Design/methodology/approach
Data for this study were collected in 2009. The target population was people aged 60-84 years from Stuttgart (Germany), Athens (Greece), Ancona (Italy), Kaunas (Lithuania), Porto (Portugal), Granada (Spain) and Stockholm (Sweden). The total sample comprised 4,467 respondents with a mean response rate across these countries of 45.2 per cent.
Findings
The study demonstrated that the majority of respondents had contact with a health care provider within the last 12 months. The highest percentages were reported by respondents from Spain (97.8 per cent) and Portugal (97.7 per cent).

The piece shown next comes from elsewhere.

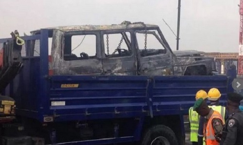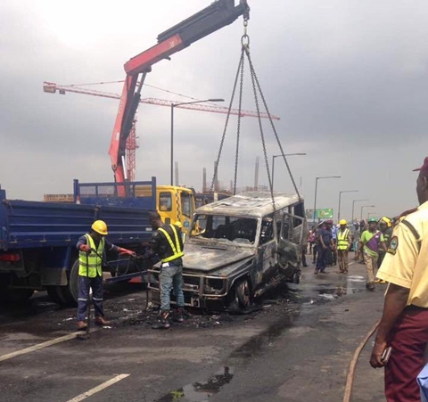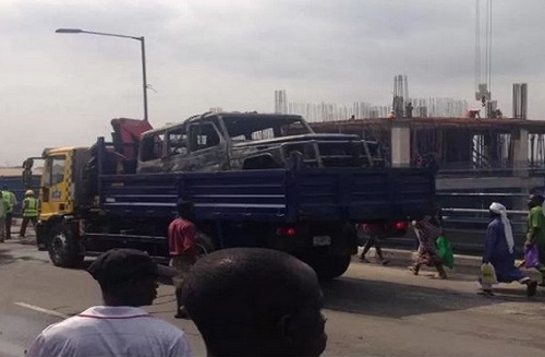 Mercedes G-Wagon Allegedly Belonging to Gov. Fayose Burns Down in Lagos (Photos)
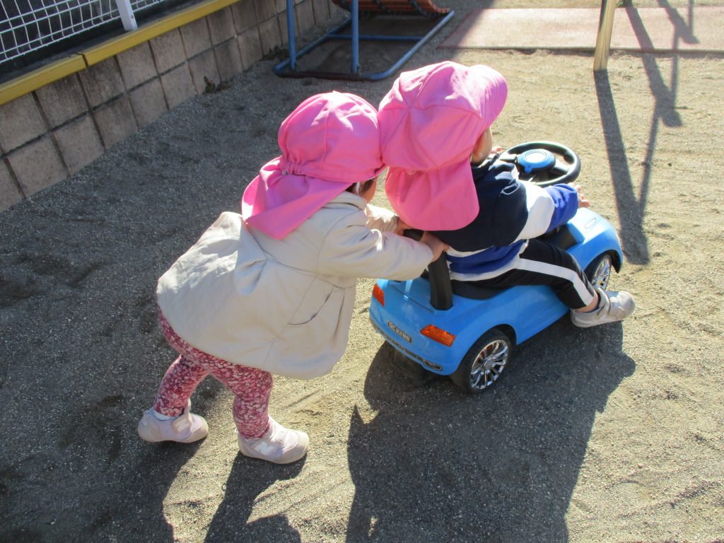 「押してあげるから 次乗せて!!」

The results suggest that 13.0 per cent of respondents had refrained from seeking care services. The highest rates were amongst seniors from Lithuania (24.0 per cent), Germany (16.2 per cent) and Portugal (15.4 per cent). Logistic regression suggests that seniors who refrained from seeking health care was statistically significant associated with those with higher levels of education (odds ratios (OR)=1.21; 95 per cent confidence intervals (CI)=1.01-1.25) and financial strain (OR=1.26; 95 per cent CI=1.16-1.37). Furthermore, the majority of respondents were satisfied with health care services.
Originality/value
The findings from the “Elder Abuse: a multinational prevalence survey” study indicate the existence of significant variations in use, accessibility and satisfaction with health services by country and for socio-economic factors related to organizing and financing of care systems.